Toluidine blue-stained sections of Arabidopsis 14-d-old seedling. Roots (A and B), leaves (C–F), and vascular bundles (G and H). Wild type (A, C, E, and G) and atcesa2 mutant (B, D, F, and H). Scale bars = 25 μm (A and B), 50 μm (C and D), 5 μm (E and F), and 50 μm (G and H). [See online article for color version of this figure.]

Figure 6.

Ultrastructure analysis of leaves by transmission electron microscopy. Leaves were taken from 14-d-old light-grown seedlings. Wild type (A and B) and atcesa2 mutant (C–F). Black arrowheads, normal cell walls; white arrowheads, defective cell walls. Scale bars = 5 μm (A and C) and 1 μm (B, D, E, and F). Quantitative analysis of pectin content (G). Each analysis was conducted by three repeat reactions (n = 3).

Figure 7.

Visualization of cortical microtubules in hypocotyls (A–D), petioles (E–H), and roots (I–L) of epidermal cells by confocal microscopy.
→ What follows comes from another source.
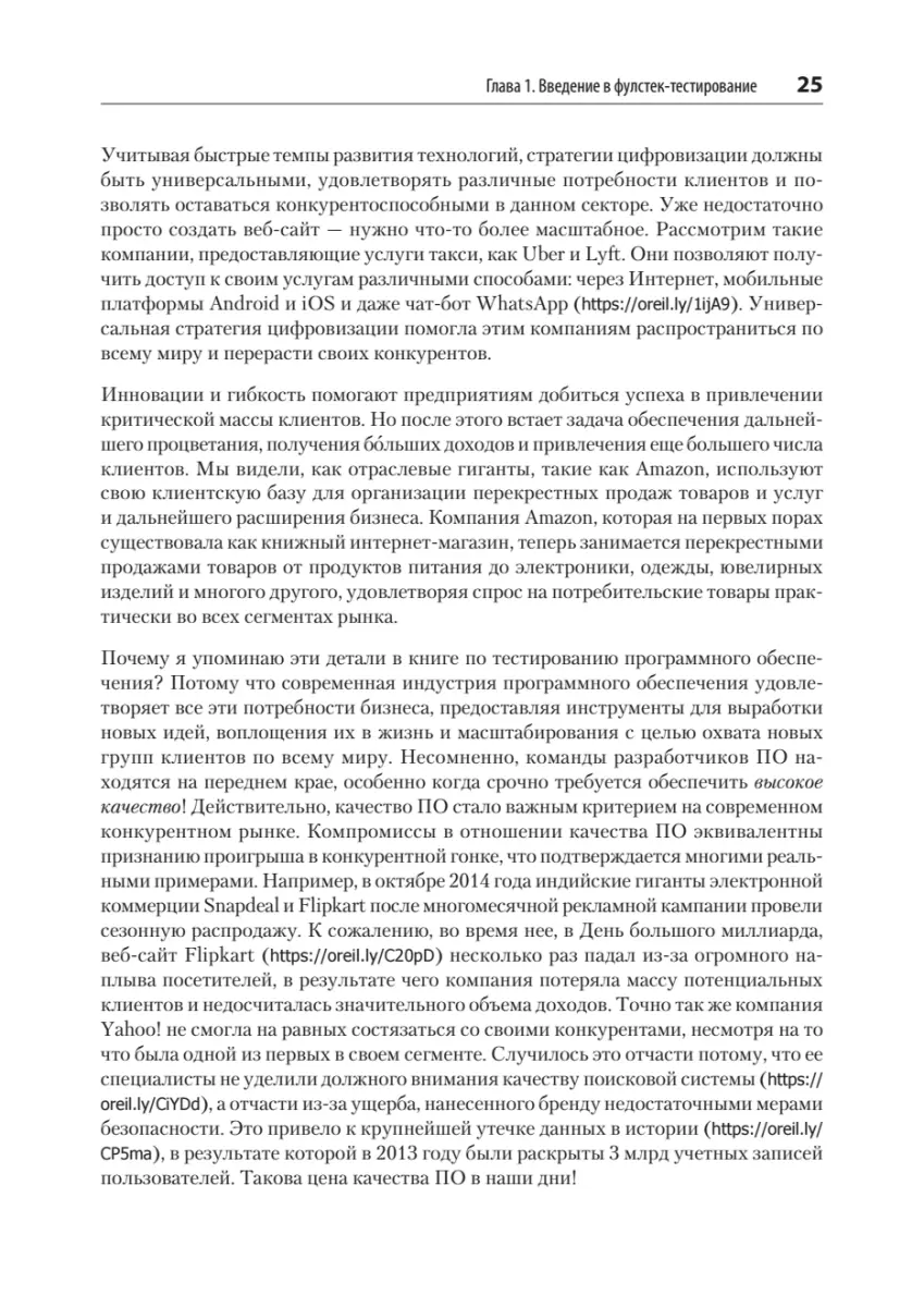 Тестирование — важнейшая задача для создания высококачественного программного обеспечения. Разработчики и инженеры по качеству найдут в книге всеобъемлющий материал по тестированию в десяти различных категориях. Познакомьтесь с соответствующими стратегиями и понятиями и получите практические знания, применимые как при разработке, так и при тестировании мобильных и веб-приложений. Автор предлагает примеры использования более чем 40 инструментов, которые вы сможете немедленно опробовать. Профессионалы и новички получат навыки тестирования производительности, защищенности и доступности, а также поближе познакомятся с особенностями исследовательского, межфункционального тестирования, тестирования данных и мобильных приложений, автоматизации тестирования, и многими другими вопросами, связанными с тестированием. Руководство поможет вам справиться со сложной задачей поддержания качества программного обеспечения в процессе его разработки.

A, C, E, G, I, and K, View of whole hypocotyls (A and C), petioles (E and G), and root (I and K) with MAP4-GFP expression. A, E, and I, Wild type. C, G, and K, atcesa2 mutants. B, D, F, H, J, and L, View of microtubule orientation in epidermal cells of hypocotyls (B and D), petioles (F and H), and roots (J and L) with MAP4-GFP expression. B, F, and J, Wild type. D, H, and L, atcesa2 mutants. M and N, View of microtubule orientation in epidermal cells of wild-type (M) and mutant (N) hypocotyls growing in the dark for 3 d with immunofluorescence microscopy with a mouse anti-β-tubulin monoclonal antibody. Scale bars = 100 μm (A, C, E, and G), 50 μm (I and K), 10 μm (B, D, F, H, M, and N), and 5 μm (J and E).

Figure 8.

The dimerizing domain of AtCESA2. A, Alignment of the CESA members containing zinc finger domains. Black triangle indicates the conserved Cys within the zinc finger domain. B, Interactions between AtCESA2 and itself in yeast. Schematic representation of the AtCESA2 N-terminal fragment, zinc finger domain, and whole protein (top). Yeast transformed with plasmids containing the GAL-4 binding domain (pGBKT7) and the GAL-4 activating domain (pGADT7); fusion proteins were grown on synthetic complete medium minus Leu and Trp (His+) and minus Leu, Trp, and His, plus 5 mm 3-amino 1,2,4-triazole (5 mm 3-AT). β-Galactosidase activity was assayed according to the standard protocol provided by CLONTECH. [See online article for color version of this figure.]